Tuesday, August 28, 2012

Gotcha Day

Sorry that I haven't been able to write with details until now. Internet connection is spotty at best and I have to go to the lobby to write. This has been hard to do over the past 24 hours.
I feel like I have lived a lifetime in jut a day. It all seems like a dream--a foggy dream. Yesterday morning we went to the Bank of China to exchange our US money into Chinese. We took in about $9,000 which raised some eyebrows. We raised even more when we walked out with a brown paper bag stuffed with about 45,000 RMBs. We couldn't wait to get rid of that money!!!!
Will was scheduled to arrive at our hotel door around 4pm. I couldn't eat lunch. I was nauseated and anxious in the pit of my stomach. Truth be told--I was calculating a way that I could throw everything in my suitcase and run. I asked Brent to pray with me and he did and the peace of God washed over me. I still wasn't sure if I could do this, but I knew the Lord was with me and that he'd help me through it. After a long nap, I was feeling better. Numb, but better.
The knock came promptly at four and as Brent turned on the video camera, I went to the door. Standing there was our son surrounded by our translator, his social welfare worker and the supervisor of foster care programs and another caregiver from the orphanage. I was just kind of stunned--staring at him and not believing that he was here in the flesh. I bent down and started softly talking to him and the workers began to talk to him telling him who we were and showing him the toys we'd brought. His face looked terrified--sort of blank and emotionless. He went to the trucks and picked them up. I was able to touch him and stroke his cheeks and whisper to him that everything would be ok. The workers answered some questions for us and spent many minutes explaining to Will that we were his parents and he'd be staying with us. He started to cry--a very controlled, heartbreaking sob. I picked him up (instinctively) and thus began the trauma attachment to me.
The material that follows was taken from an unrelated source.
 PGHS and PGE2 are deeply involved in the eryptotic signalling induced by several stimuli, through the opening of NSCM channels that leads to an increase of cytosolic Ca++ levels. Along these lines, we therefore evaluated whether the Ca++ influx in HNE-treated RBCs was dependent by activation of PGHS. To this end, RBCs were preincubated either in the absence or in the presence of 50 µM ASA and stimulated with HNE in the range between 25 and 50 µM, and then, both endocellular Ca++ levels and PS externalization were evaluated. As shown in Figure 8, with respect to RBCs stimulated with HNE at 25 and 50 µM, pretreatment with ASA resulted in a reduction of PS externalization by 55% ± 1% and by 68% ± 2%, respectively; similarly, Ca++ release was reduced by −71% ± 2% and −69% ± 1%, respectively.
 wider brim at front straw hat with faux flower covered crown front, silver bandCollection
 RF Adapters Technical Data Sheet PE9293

Paperwork was signed and pictures were taken with his workers and very quietly his workers slipped out of the door. It was just us and him. We played with him a little but it was mostly us playing in front of him while he starred straight ahead. Off and on, he'd weep and I'd pick him up and he'd cling to me. I cried too because I knew we were the source of fear and he was grieving for his foster family. I couldn't calm him in his native tongue and it was a difficult, helpless feeling. After swaying with him and walking, he fell sleep in my arms and I climbed on to the bed and let him rest on me for a while.
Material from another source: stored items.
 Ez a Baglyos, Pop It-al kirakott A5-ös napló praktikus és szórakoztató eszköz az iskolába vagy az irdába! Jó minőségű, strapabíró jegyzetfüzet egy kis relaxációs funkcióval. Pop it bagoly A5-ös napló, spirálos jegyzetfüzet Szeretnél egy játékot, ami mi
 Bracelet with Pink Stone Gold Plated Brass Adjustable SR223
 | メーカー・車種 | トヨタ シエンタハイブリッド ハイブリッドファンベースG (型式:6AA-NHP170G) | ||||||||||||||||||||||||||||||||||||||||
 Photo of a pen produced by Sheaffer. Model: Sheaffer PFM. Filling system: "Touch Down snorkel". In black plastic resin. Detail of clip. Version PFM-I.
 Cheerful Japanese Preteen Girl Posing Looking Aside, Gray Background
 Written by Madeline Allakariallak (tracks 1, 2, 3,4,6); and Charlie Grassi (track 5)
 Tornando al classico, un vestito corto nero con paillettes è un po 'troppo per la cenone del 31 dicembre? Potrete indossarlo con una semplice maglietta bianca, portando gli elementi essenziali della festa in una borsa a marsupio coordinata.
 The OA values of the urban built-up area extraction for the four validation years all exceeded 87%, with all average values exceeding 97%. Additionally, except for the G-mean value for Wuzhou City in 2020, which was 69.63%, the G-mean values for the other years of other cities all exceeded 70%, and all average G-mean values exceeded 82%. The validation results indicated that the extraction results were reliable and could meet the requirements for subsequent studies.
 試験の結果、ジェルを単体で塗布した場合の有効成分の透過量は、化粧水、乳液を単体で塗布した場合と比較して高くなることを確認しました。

A family photographer showed up about 20 minutes later to take our picture for the adoption certificate. I gently woke Will and he started crying again. He has two stuffed animals from the orphanage--a blue Crazy Bird animal and Sponge Bob (unfortunately). I gave them to him and he clutched them and calmed down. He wants them constantly around him which is fine. Photograph was done and we met with our translator and went to dinner. He did let us carry him, feed him, and hold him on our lap in the restaurant---all good signs. He ate some fish and chicken and drank water from a sippy cup that we offered. When he's overwhelmed, he goes into this trance where he stares blankly ahead and his eyes don't register with anything. Towards the end of dinner, he was beginning to cry again and glaze over so we paid and left back to the hotel. We tried to get him to change clothes, but he shrieked. We let him sleep in his orphanage clothes without taking a bath, but we did manage to get his shoes off of him. Small victories, right?
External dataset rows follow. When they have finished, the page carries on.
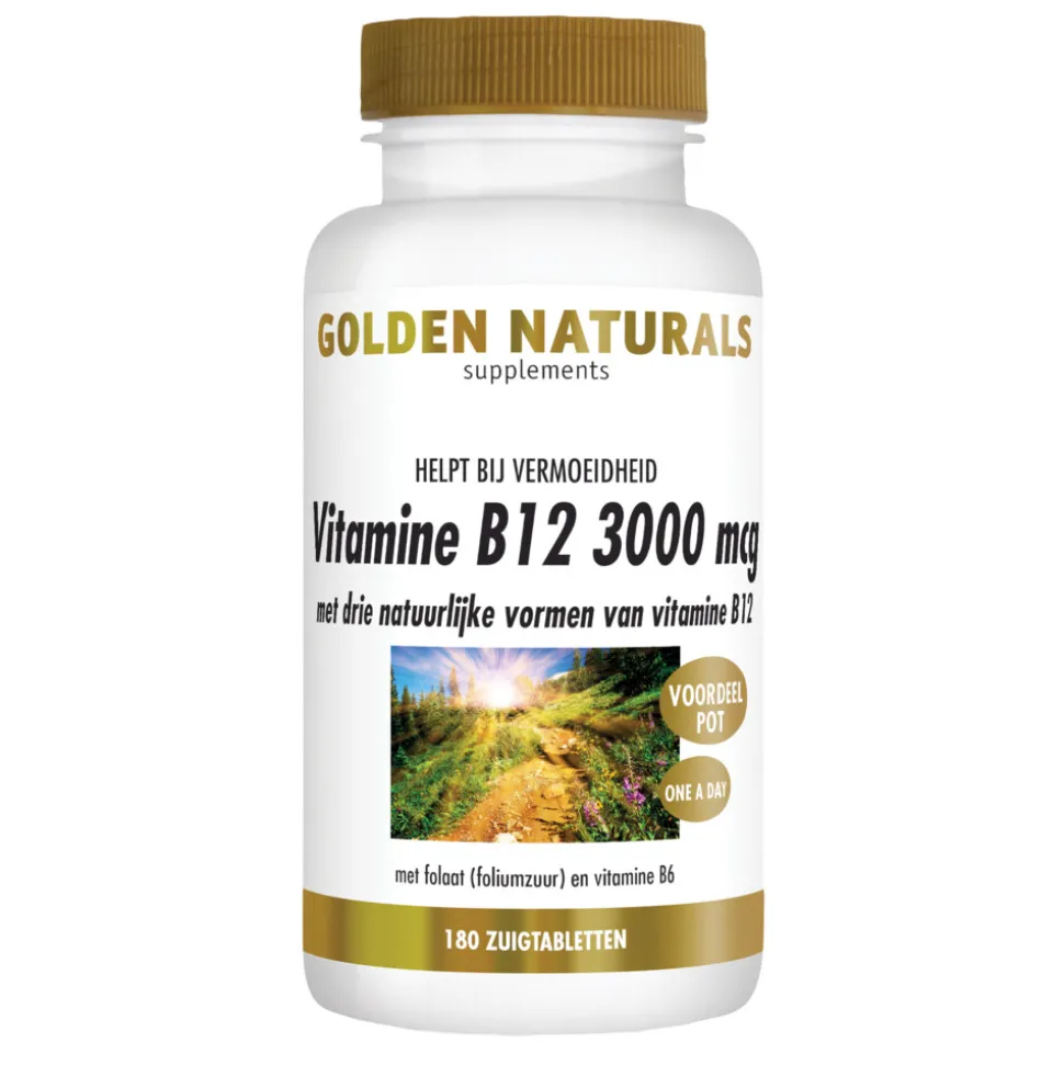 Golden Naturals Vitamine B12 3000mcg bevat drie natuurlijke vormen van vitamine B12: methylcobalamine, adenosylcobalamine en hydroxocobalamine. Deze combinatie ondersteunt de opbouw en benutting van vitamine B12-voorraden in het lichaam en is ideaal voor vegetariërs en veganisten. Vitamine B12 helpt tegen vermoeidheid, activeert natuurlijke energie, en bevordert geheugen, concentratie en de functie van het zenuwstelsel en immuunsysteem. De zuigtabletten bevatten ook vitamine B6 en foliumzuur voor extra energie bij vermoeidheid.
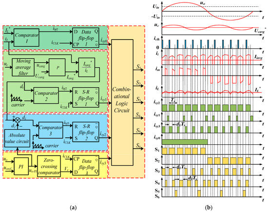 Based on these two working modes, the proposed inverter can adopt the two-objective, three-closed-loop composite control strategy with the energy storage inductor current limit and buffer capacitor average voltage limit. The block diagram and principle waveform are shown in Figure 2. In Figure 2a, the cascaded double loop control composed of the buffer capacitor voltage average outer loop and the input current inner loop realizes the low-frequency ripple suppression of the input current, and the output voltage feedback control loop realizes the stability of the output voltage. In cascade double-loop control, the error of the buffer capacitor voltage average outer loop is amplified by the P regulator to obtain the signal Iiavg*, which is used as the reference value of the input current inner loop and the sum di of the magnetizing mode duty cycle d1 and the energy feed-mode duty cycle d2 in a switching cycle, which is directly obtained by the inner loop of the input current through the single-cycle control. The output voltage loop provides the feed-energy duty cycle d2 through the PI regulator to realize the errorless tracking of the output voltage reference. Both isy0 and isy1 in the control circuit are the output voltage polarity judgment signal and the energy storage inductance current limit signal, respectively.
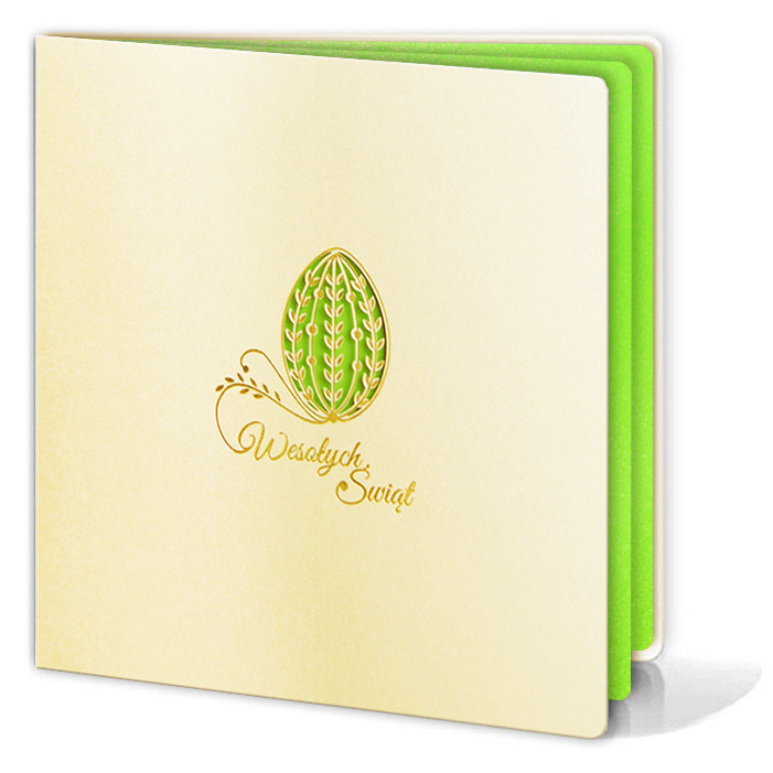 Okładka została wykonana z perłowego papieru w kolorze ecru, który miękko odbija światło i nadaje kartce szlachetny charakter. W centrum umieszczono laserowo wycinaną pisankę, dodatkowo pokrytą złotą folią, podkreślającą jej dekoracyjny wzór. Złocony napis "Wesołych Świąt" subtelnie dopełnia całość. Wnętrze kartki uzupełnia matowa wkładka w świeżym, zielonym kolorze, kojarzącym się z wiosną i nowym początkiem.

The greatest part of the evening was when Brent mixed him his "hot milk" bottle. In bed, I held him in my arms and he quietly drank the entire bottle and drifted off to sleep. I laid him down next to me and proceeded to sleep too. He slept all night beside me, never waking.
What a joyous and terrifying day. He knows that he's left his foster family who he loves. He knows that he's left his caregiver who he adores and he's very quietly aching. The sadness in his eyes just about kill us and we long for the day when they light up at us. He hasn't smiled or talked. He just stares, but it's ok. He's dealing with this is a healthy way. This is a good foundation to build on. We are so grateful to God for watching over us today and we cling to him as we head into the next few days. We're just looking for progress. ....just a tiny glimmer of recognition in him that he knows he'll be ok.